[Date Prev][Date Next][Thread Prev][Thread Next][Date Index][Thread Index]
Re: [Qemu-devel] [PATCH] migration: avoid starting a new migration task
From: |
Paolo Bonzini |
Subject: |
Re: [Qemu-devel] [PATCH] migration: avoid starting a new migration task while the previous one still exist |
Date: |
Wed, 06 Nov 2013 10:04:36 +0100 |
User-agent: |
Mozilla/5.0 (X11; Linux x86_64; rv:17.0) Gecko/20130923 Thunderbird/17.0.9 |
Il 06/11/2013 02:50, Zhanghaoyu (A) ha scritto:
>>>>> Avoid starting a new migration task while the previous one still
>>>> exist.
>>>>
>>>> Can you explain how to reproduce the problem?
>>>>
>>> When network disconnection between source and destination happened,
>>> the migration thread stuck at below stack,
>>> Then I cancel the migration task, the migration state in qemu will be set
>>> to MIG_STATE_CANCELLED, so the migration job in libvirt quits.
>>> Then I perform migration again, at this time, the network reconnected
>>> successfully, since the TCP timeout retransmission, above stack will not
>>> return immediately, so two migration tasks exist at the same time.

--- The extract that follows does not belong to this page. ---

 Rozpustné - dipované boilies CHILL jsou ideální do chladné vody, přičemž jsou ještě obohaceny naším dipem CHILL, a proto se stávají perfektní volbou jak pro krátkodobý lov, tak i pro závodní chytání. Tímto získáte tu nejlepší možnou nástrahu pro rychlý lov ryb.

>>> And still worse, source qemu will crash, because of accessing the NULL
>>> pointer in qemu_bh_schedule(s->cleanup_bh); statement in latter migration
>>> task, since the "s->cleanup_bh" had been deleted by previous migration task.
>>
>> Thanks for explaining. CANCELLING looks like a useful addition.
>>
>> Why do you need both CANCELLING and COMPLETING? The COMPLETED state should
>> be set only after all I/O is done.
>
> There is a period of time from the timing of setting COMPLETED state to that
> of migration task exits,
> so it's problematic in COMPLETED->CANCELLED transition, but if applying your
> below proposal, the problem gone.
>
> do {
> old_state = s->state;
> if (old_state != MIG_STATE_SETUP && old_state != MIG_STATE_ACTIVE) {
> break;
> }
> migrate_set_state(s, old_state, MIG_STATE_CANCELLED);
> } while (s->state != MIG_STATE_CANCELLED);
Ok.
>> I agree with Eric that the CANCELLING state should not be exposed via QMP.

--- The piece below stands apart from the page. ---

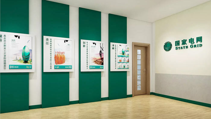 國(guó)家電網(wǎng)辦公室形象墻裝修:科技創(chuàng)新、超越自我是企業(yè)一直堅(jiān)持的理念,電網(wǎng)無處不在,表示著企業(yè)的宏偉藍(lán)圖,電網(wǎng)上的工作人員,表示著企業(yè)的腳踏實(shí)地。

>> "info migrate" and "query-migrate" can keep showing "active" for maximum
>> backwards compatibility.
>>
>> More comments below.
>>
>>
>>> - if (s->state != MIG_STATE_COMPLETED) {
>>> + if (s->state != MIG_STATE_COMPLETING) {
>>> qemu_savevm_state_cancel();
>>> + if (s->state == MIG_STATE_CANCELLING) {
>>> + migrate_set_state(s, MIG_STATE_CANCELLING,
>>> MIG_STATE_CANCELLED);
>>> + }
>>
>> I think you can remove the "if" and unconditionally call migrate_set_state.
>
> Do you mean to remove the "if (s->state == MIG_STATE_CANCELLING)" ?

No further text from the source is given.